Better still, we tasted ingredients we didn’t even know existed. Climbing wattle was used in curries, omelettes and stir fries. ‘Midnight Horror’’ and ‘wild’ betel leaves were bitter greens eaten raw.
Most meals consist of soup, grilled meat, a sauce, greens and a stew. Sticky rice is a staple and eaten with your hands. We were told they eat more sticky rice than any other part of the world – as it is the essence of Laos cuisine. We quickly found our favourites – chunky pork sausage, Laotian beef jerky, pickled fish roe and pickled cabbage with pickled pork ears. Needless to say even though we had brought with us a few packets of tablets for stomach upsets none were needed.

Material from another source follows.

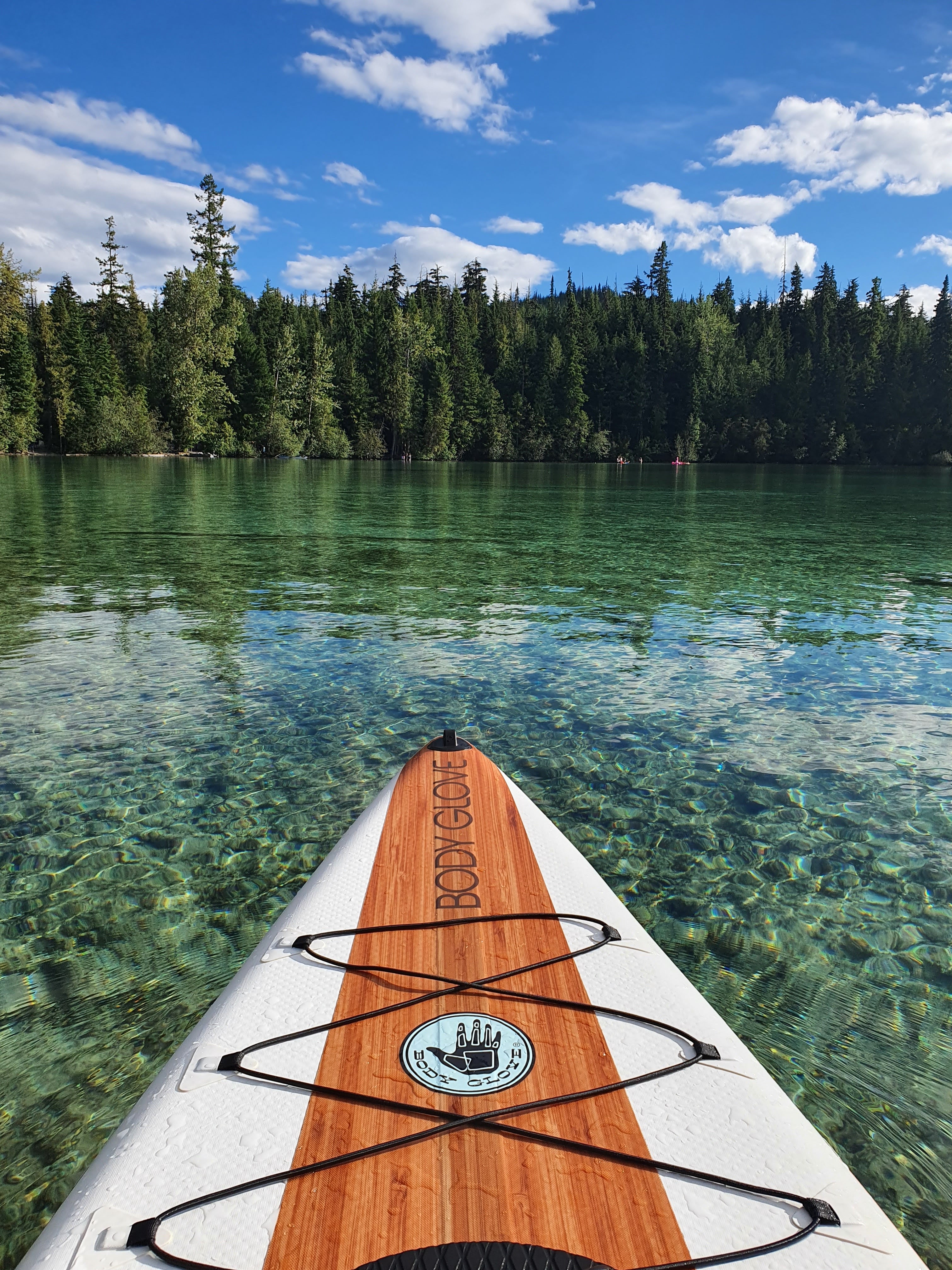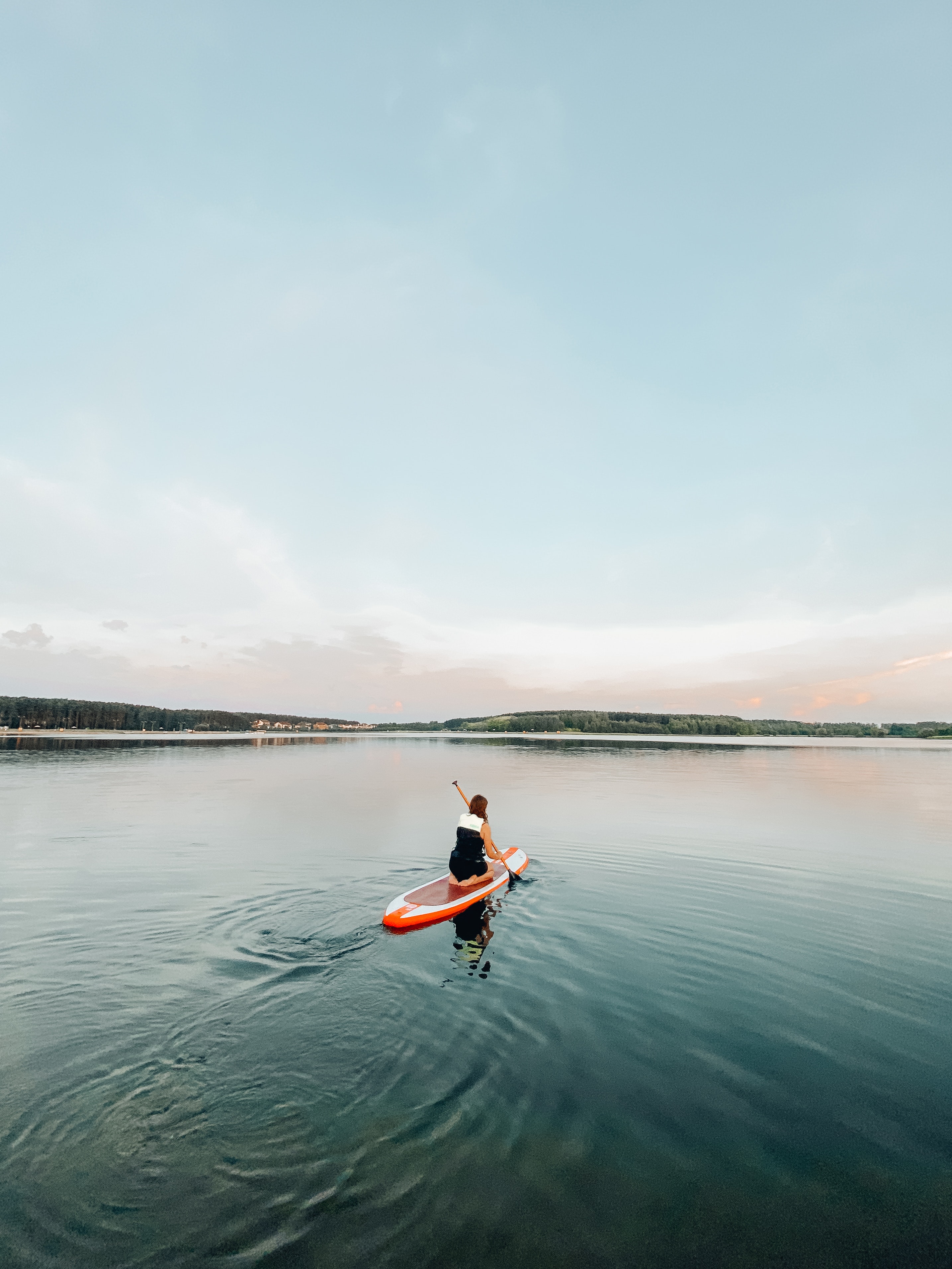 Paddleboarding is a water sport in which participants are propelled by a swimming motion using their arms while lying or kneeling on a paddleboard or surfboard in the ocean or other body of water. A derivative of paddleboarding is stand up paddleboarding also called stand up paddle surfing.

Once home, the following few weeks were spent using the various spices and herbs that we were able to bring back into the country, but I don’t think we’ll conquer making the sticky rice quite like the Laos do.
During our stay, I didn’t see one post card or tourism T-shirt for sale. That in itself speaks volumes. The Lao people are up to speed on the environmental state of banning plastics, and endorse recycling. At every opportunity with foreigners, they want to learn and speak English. China is building a fast train track through their town, mountains, and rivers to allow easier access to other parts of the world. The doors to Laos are opening up. By 2022 they will no longer be as isolated.
But I do hope that the special essence that I personally found, to this country, will remain.